いやいや、変な方に考えてはダメですわ!きっと捜索隊の方達が見つけてくれるはず。そうでないなら、、最終手段に出るまでですわ。
『ていうか、東夜も一体どこへいったんですの………まさか、、探しに戻ってたりとかしてないですわよね?』
棟内をくまなく探し回るも、東夜らしき人は見当たらない。いや、全員が広間に集合しているはずだから、そもそも現在棟内に誰かいること自体がおかしなことではあるのだが。広間では先ほど点呼がとられていたから、おそらく広間の大衆の中には東夜はいない。そうなると早く帰ってきて既に宿泊棟に戻っているか、もしくは来夢を捜しに森の中を進んでいったのかの二択になってしまう。
ガサッ……
ふと、女子トイレの方から物音がした。話し声も聞こえる。もちろん東夜ではないだろうが、付近に寄って聞き耳をたてて、、
「ど、どうするのよ!ゆっちんの所為じゃん!!」
「あ、あたしは悪くない!!あたしは、ただ、、あいつがちょっと痛い目見ればいいって………でもさっちゃんもやろうって言ってたじゃん!!」
「ね、ねぇ、もう先生に言って詳しい場所言おうよ……青海川さん、落ちちゃったんだよ?早く助けなきゃ………」
「し、知らないわよあいつなんか!芳樹くんと、仲良いアピールするから!あ、あたしだって……」
なんの、、話をしているんですの?落とした?あたしは悪くない?何を言って………
「でも!出雲崎くんが証拠持ってるし、、やっぱり言おうよ!」
「なに?あいつにビビってんの?」
「だって……さっきの出雲崎くん、すごく怖かったし……」
「………………」
「証拠持ってるのは事実だしさ、実際見られてるし、、もう言いにいこうよ……ね、ゆっちん……」
ゆっちんって、同じクラスの見附柚子ちゃんのこと?あの、来夢がムダ毛女とか裏で呼んでたあの子ですの?証拠って、何の?
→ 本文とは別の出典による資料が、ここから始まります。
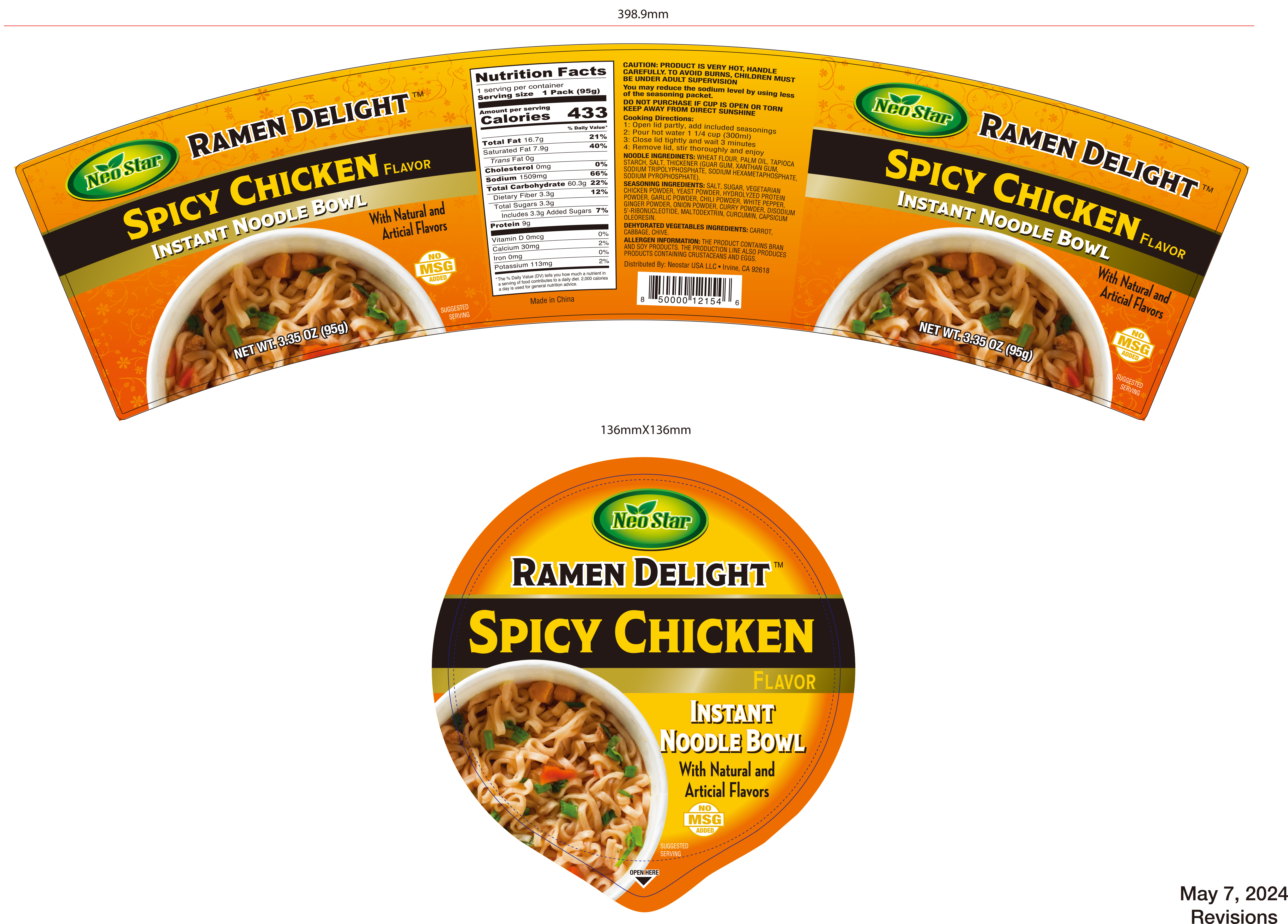 - Ingredients: NOODLE INGREDINETS: WHEAT FLOUR, PALM OIL, TAPIOCA STARCH,SALT, THICKENER(GUAR GUM, XANTHAN GUM, SODIUM TRIPOLYPHOSPHATE, SODIUM HEXAMETAPHOSPHATE,SODIUM PYROPHOSPHATE.) SEASONING INGREDIENTS: SALT,SUGAR, VEGETARIAN CHICKEN POWDER, YEAST POWDER, HYDROLYZED PROTEIN POWDER, GARLIC POWDER, CHILI POWDER, WHITE PEPPER, GINGER POWDER, ONION POWDER, CURRY POWDER, DISODIUM 5’-RIBONUCLEOTIDE, MALTODEXTRIN, CURCUMIN, CAPSICUM OLEORESIN. DEHYDRATED VEGETABLES INGREDIENTS: CARROT, CABBAGE, CHIVE.

そこまで考えて女子たちがトイレから出ようとしていることに気づく。すかさず給湯室に隠れて様子を確認するが、柚子ちゃんが出てこないことに気づいた。見ると他の3人の女子は柚子ちゃんの班の子たちで、皆沈んだ表情をしている。どうやら何か言われたらしい。それに、東夜がどうのこうのって…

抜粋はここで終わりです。